- Task -
Copy word for word, please, the lines of the entries below running from the one containing "Figure 6: Multiple" to the one containing "Your browser does not support the video tag.", both ends included.

- The input -
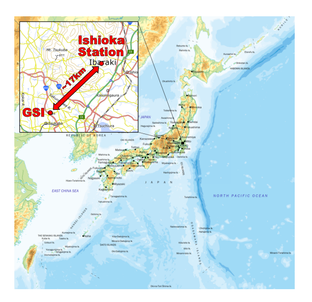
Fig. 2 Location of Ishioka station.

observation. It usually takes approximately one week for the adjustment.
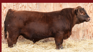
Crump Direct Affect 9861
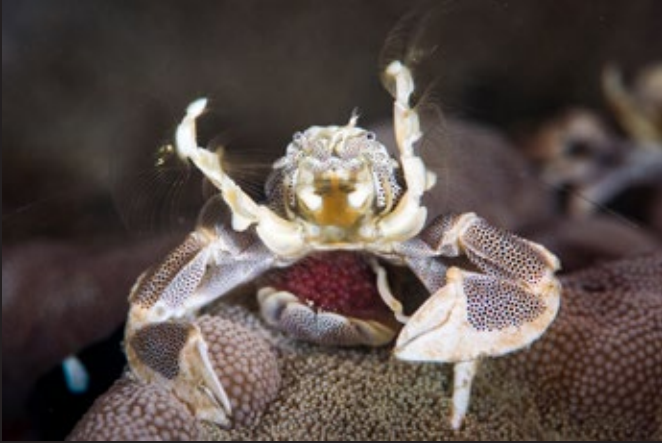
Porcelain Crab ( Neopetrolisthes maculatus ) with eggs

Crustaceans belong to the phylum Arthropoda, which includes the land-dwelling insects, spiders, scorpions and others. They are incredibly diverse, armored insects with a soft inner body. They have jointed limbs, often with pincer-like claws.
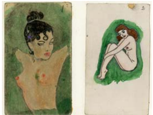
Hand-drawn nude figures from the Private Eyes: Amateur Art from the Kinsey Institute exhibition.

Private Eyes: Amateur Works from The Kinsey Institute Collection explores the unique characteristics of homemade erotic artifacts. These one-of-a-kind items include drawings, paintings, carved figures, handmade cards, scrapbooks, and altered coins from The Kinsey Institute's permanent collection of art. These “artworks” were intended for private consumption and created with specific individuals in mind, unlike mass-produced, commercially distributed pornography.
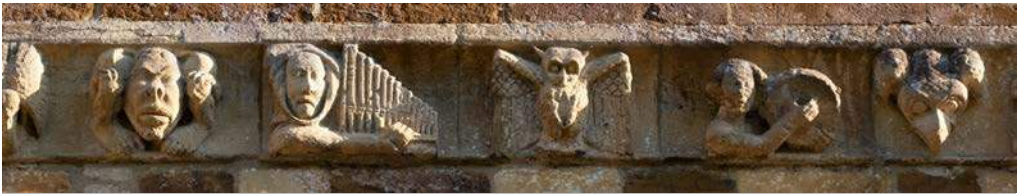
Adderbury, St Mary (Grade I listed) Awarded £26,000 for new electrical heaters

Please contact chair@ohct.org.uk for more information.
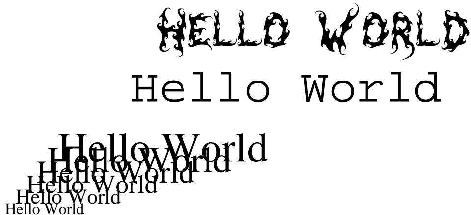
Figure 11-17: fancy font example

--

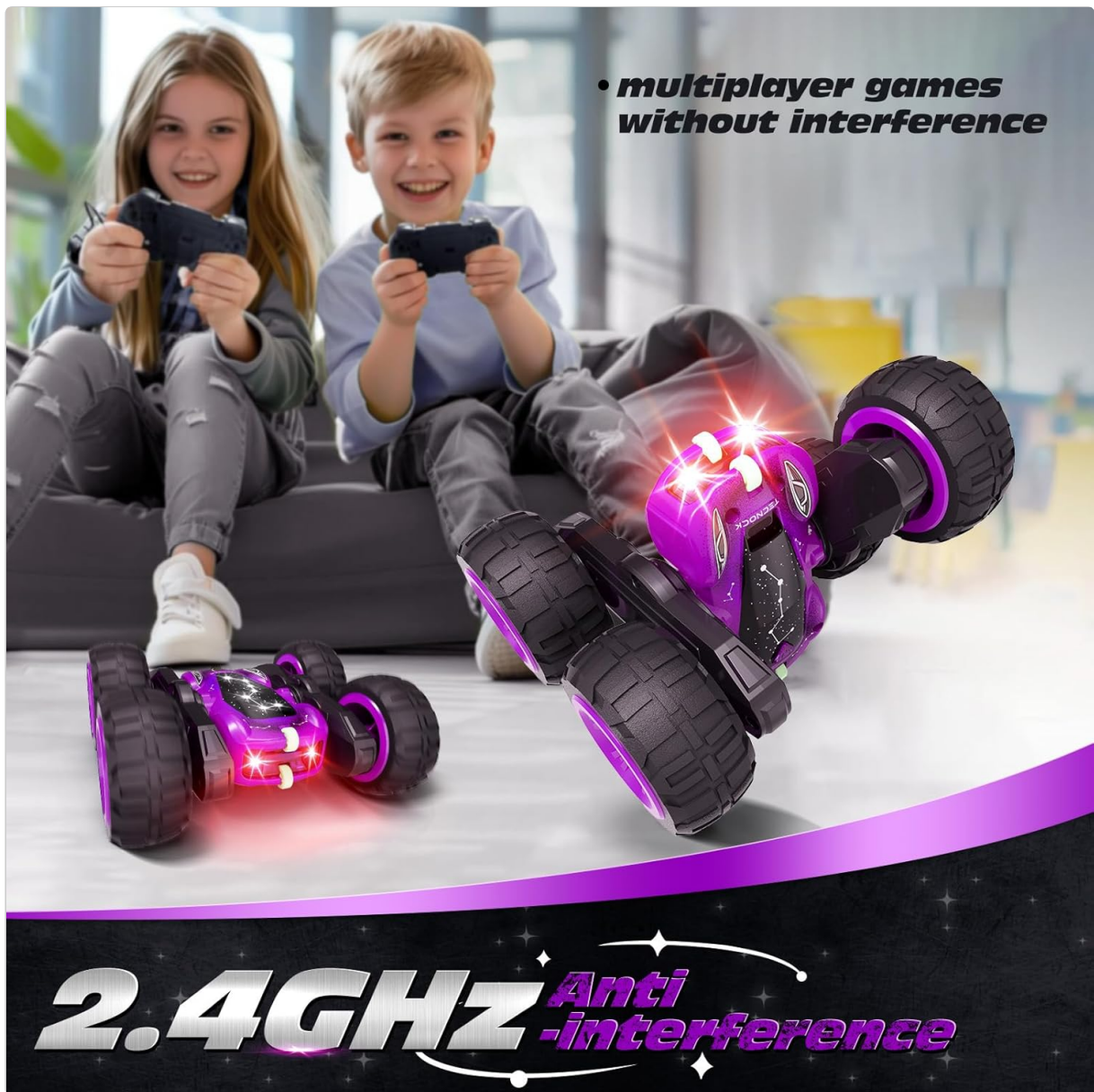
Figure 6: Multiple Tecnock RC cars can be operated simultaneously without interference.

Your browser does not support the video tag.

- Your response -
Figure 6: Multiple Tecnock RC cars can be operated simultaneously without interference.

Your browser does not support the video tag.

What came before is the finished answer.